Carpool DeVille: The World’s Fastest Hot Tub

The Carpool DeVille Hot Tub Car

Back in 1996, a group of engineering students at McMaster University set out to build a fully functional hot tub housed in a working car. They chopped up an abandoned 1982 Chevy Malibu and converted it into The Carpool.

That group of students graduated, and began work on the Carpool DeVille. Six years later, they’re ready to take it to Bonneville Salt Flats to claim the title of “world’s fastest hot tub.”

There has been some substantial modifications to the vehicle to make the Carpool a reality. A custom fibreglass tub was built to drop into the passenger compartment, and heat exchangers were added to the stock engine system to heat the water. The plumbing and pumps for the tub reside in the truck, while the original V8 engine is up in the front. A custom air suspension system allows them to carry the massive volume of water. There’s even a marine throttle to control gas and brake from the driver’s seat in the tub.

The folks behind the Carpool DeVille ran a Kickstarter to fund their race costs. The campaign is over, but you can still check out the story and pictures of the conversion. Since it was a successful campaign, we’re looking forward to seeing this custom vehicle out on the salt flats.

27 thoughts on “Carpool DeVille: The World’s Fastest Hot Tub

    1. The original was a 1982 Malibu, “Iraqi Taxi” version (automatic shifter on the steering column instead of the floor). I know, because it used to live in my driveway. I didn’t do very much work on the vehicle (I helped a little here and there), but three of my housemates were heavily involved. We had so many crazy projects going on in that house that our neighbour 3 doors down phoned the police and tried to convince them that we were running an illegal chop shop out of our garage! The two years that we lived in that house were great times :)

      I’ll be interested to see if they try running a speed record with it filled. The original needed to have its frame supported (at least initially) so that the shocks wouldn’t commit suicide under the weight of all of that water!

  1. During a scortchingly hot summer, I think it was 1998, I was spurred into similar action. I backed my F150 up to my deck, lined the bed with a sheet of visqueen, and filled it with water. It was great!

    I did wonder what would happen when I released the water. I eventually drove it out into the street, near the storm drain. I evaluated the force of the water against the gate by pushing on it – surprisingly, it was not that much. I could fairly easily take the force off the latches. Buoyed by that confirmation, I opened the gate and stepped aside. I was actually able to step aside before any water hit me. It doesn’t sound possible, but it was.

    Fun times.

  2. The math seems a bit suspicious. In 1996 they started on mk-I in college.

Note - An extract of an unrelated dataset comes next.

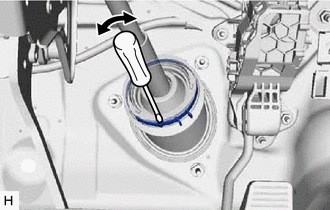 | (a) Using a screwdriver, loosen the clamp as shown in the illustration. |

On mk-II, “.. they graduated and 6 years later…” it’s 2014. So they we’re in school in 96 and didn’t graduate till 2008. So either they earned double PhDs in Hot Tub Engineering and Hot Tub Construction Management Techniques… or they spent too much time in college in hot tubs soaking parts they shouldn’t shrivel!

  3. A good start would have been to work with the guys at the Bonneville Event they plan to run it at. As it stand right now, it will not pass tech and make it onto the track.

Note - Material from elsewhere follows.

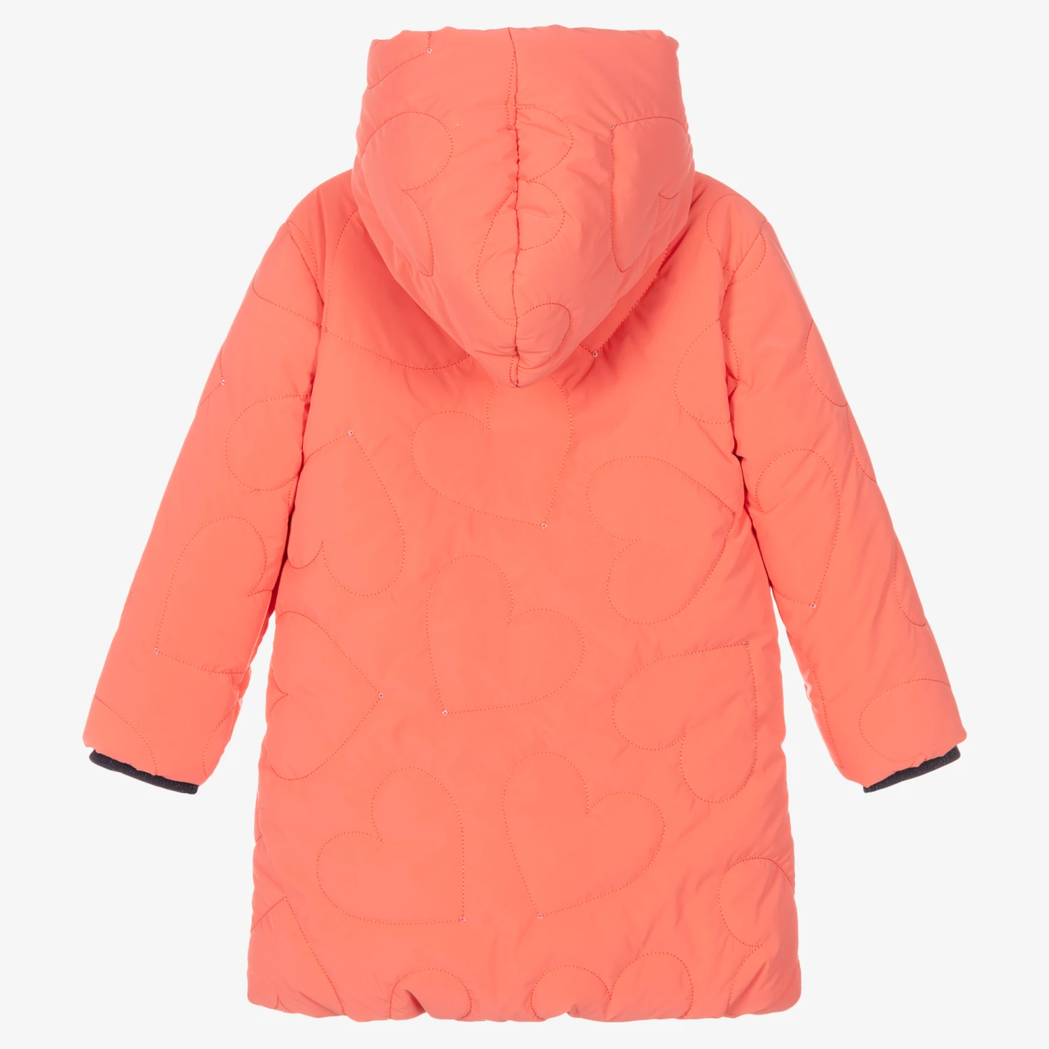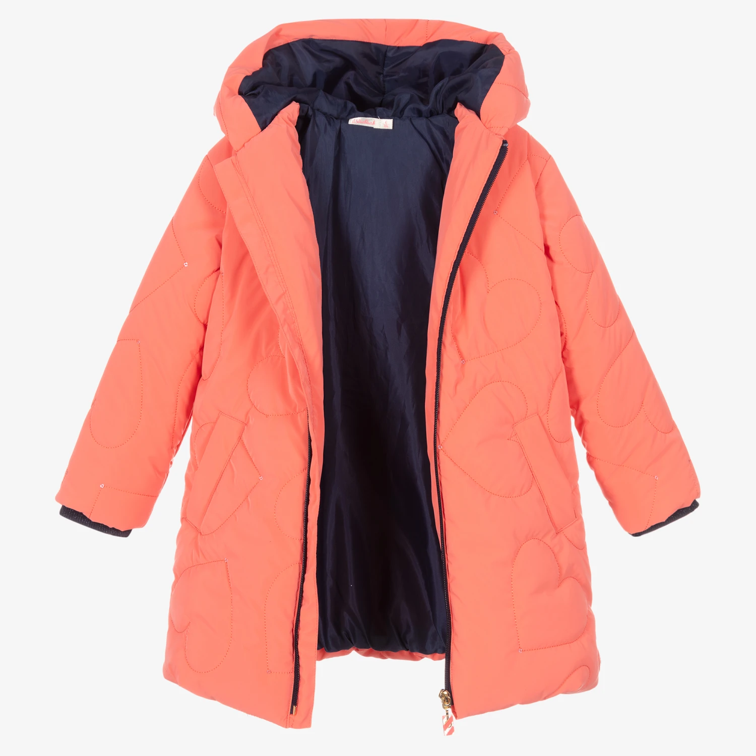 Coral pink coat for girls by Billieblush. Made in smooth polyester, the fabric is quilted in love heart shapes each finished with a single sequin adding a sparkle to the coat. Warmly padded, it has a silky lining, front pockets and glittery navy blue ribbed cuffs to keep the warmth in. It fastens at the front with a navy blue zip.

    1. I’m not so sure. Read the full Kickstarter page, including the risks section. Sounds like they’ve been through the rulebook and have worked hard to ensure their car complies.

      1. I’ve read the whole page. They haven’t (yet) contacted the automotive technical committee about running a vehicle full of water (among other issues). As an absolute minimum, water slopped onto the track would be a hazard for other racers. Before that they will need to make it through safety tech which I doubt it would pass. USFRA (another racing group) might let them run in September, or they could hook-up with someone’s private event. But I think SCTA/BNI is a no-go.